Une base de données centralisée permettra aux Etats membres d'échanger automatiquement les informations qu'ils reçoivent. Un élément clé du fait de la complexité des montages, passant par plusieurs juridictions, comme le "double irlandais" et le "sandwich hollandais" dont sont friands les géants du Web. L'objectif est de « détecter suffisamment tôt les nouveaux risques d'évasion et de prendre les mesures pour neutraliser les dispositifs dommageables » : les Etats pourront cibler leurs audits et traiter les failles dans la législation. Le but est aussi dissuasif.

« Aujourd'hui, nous proposons de mettre devant leurs responsabilités les intermédiaires qui créent et vendent des dispositifs d'évasion fiscale.
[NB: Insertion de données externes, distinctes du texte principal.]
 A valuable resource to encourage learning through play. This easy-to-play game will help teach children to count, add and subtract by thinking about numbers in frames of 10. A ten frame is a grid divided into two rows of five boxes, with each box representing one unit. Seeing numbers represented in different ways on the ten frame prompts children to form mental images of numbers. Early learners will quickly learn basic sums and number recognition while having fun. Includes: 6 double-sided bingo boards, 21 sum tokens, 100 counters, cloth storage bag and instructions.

Au bout du compte, les recettes fiscales des États membres s'en trouveront accrues », fait valoir Valdis Dombrovskis, vice-président de la Commission européenne, en charge des services financiers.

La mort des intermédiaires ?

A ceux qui estiment que sa mesure va assassiner ces intermédiaires, l'ex-ministre de l'Economie a répondu :

« Nous n'attaquons pas une profession en particulier, nous demandons simplement à ces professionnels de travailler de façon transparente. »

Il faut selon lui « faire évoluer le modèle économique de ces activités les pratiques ». S'il n'y a pas de seuil spécifié sur les montants, la Commission précise que ce sont les situations à haut risque, et non les PME ou les particuliers sauf très fortunés qui sont concernés. « En pratique, l'obligation de déclaration n'affectera que les plus grandes entreprises contribuables et les très grandes fortunes », assure la Commission.

La Commission rappelle que l'évasion fiscale prive les budgets des Etats membres de 50 à 70 milliards d'euros de recettes par an, selon une étude du Parlement européen.

La proposition, qui prend la forme d'une modification de la directive sur la coopération administrative, sera soumise au Parlement européenne pour consultation et au Conseil pour adoption. Ces nouvelles obligations déclaratives devraient entrer en vigueur le 1er janvier 2019. Les Etats membres seraient alors tenus d'échanger automatiquement leurs informations tous les trois mois.